= Channel 37 =

Intentionally unused television broadcasting channel

Channel 37 is an intentionally unused ultra-high frequency (UHF) television broadcasting channel by countries in most of ITU region 2 such as the United States, Canada, Mexico and Brazil. The frequency range allocated to this channel is important for radio astronomy, so all broadcasting is prohibited within a window of frequencies centered typically on 611 MHz.
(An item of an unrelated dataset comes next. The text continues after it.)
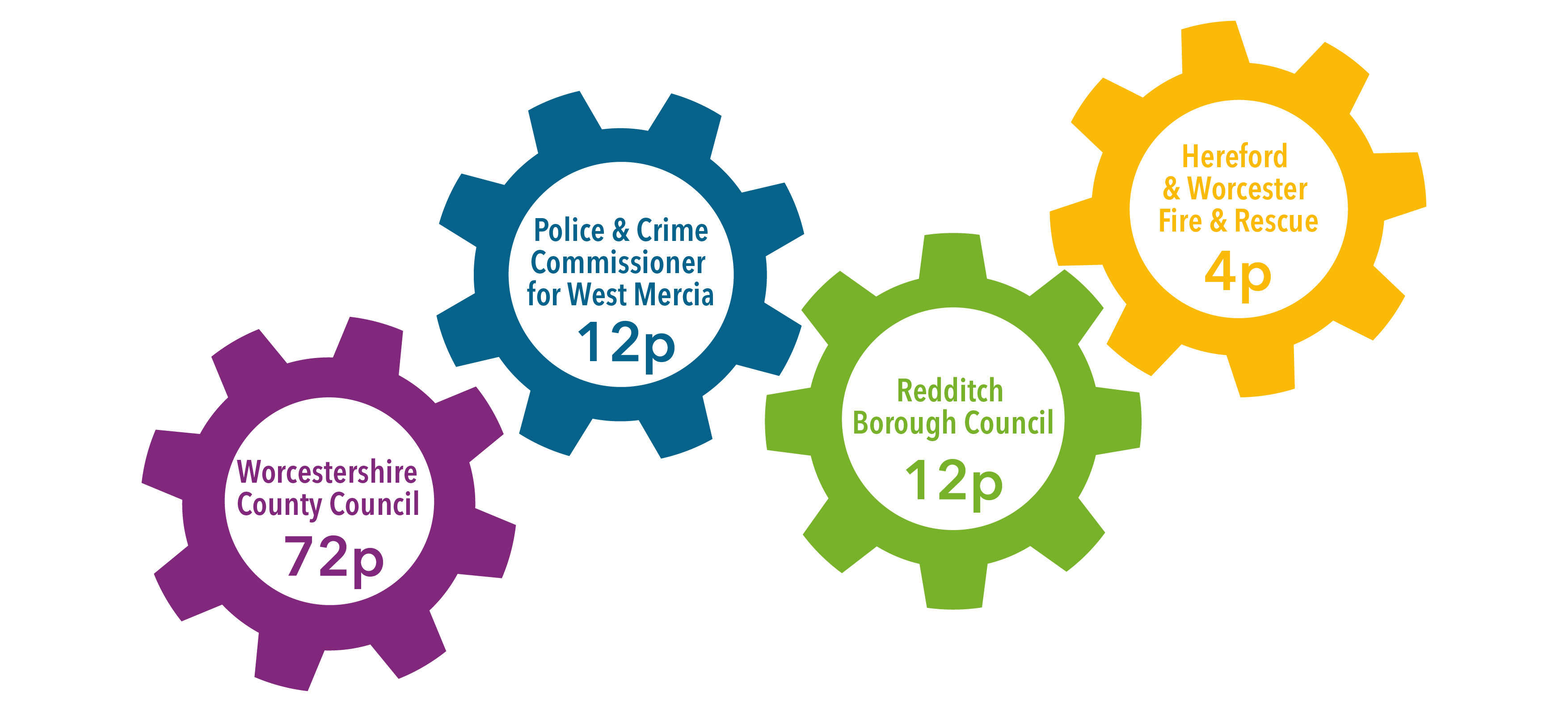 For every pound you pay broken down - (WCC - 72p, PCC - 12p, RBC - 12p, HW F&R - 4p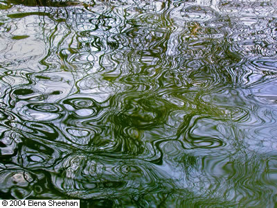 Water Image #12 My mother died at the end of 2003. It had been a hard several years for her and for me. The time was both emotionally and physically exhausting for both of us. Due to this emotional drain I was not able to work on a sustained project so just occasionally went out to photograph. I was drawn to the outdoors, to the natural environment and most of all to places where water had a healing effect on me. In 2004 I went back to the serious and enjoyable work of looking specifically at something till it revealed it’s self to me. I was drawn again to water because of its natural beauty, calming aspects but even more so because of its constantly changing nature. Water is a transitory element. It is always in motion. It has an endless flow, depth, movement and brake up of form. It is formless and thus is the ultimate metaphor for the constant change that is life. This is an ongoing project. - Elena Sheehan

Similar reservations exist in portions of the Eurasian and Asian regions, although the channel numbering varies.

==History==
Channel 37 in System M and N countries occupied a band of UHF frequencies from 608±to MHz. This band is particularly important to radio astronomy because it allows observation in a region of the spectrum in between the dedicated frequency allocations near 410 MHz and 1.4 GHz. The area reserved or unused differs from nation to nation and region to region (as for example the EU and British Isles have slightly different reserved frequency areas).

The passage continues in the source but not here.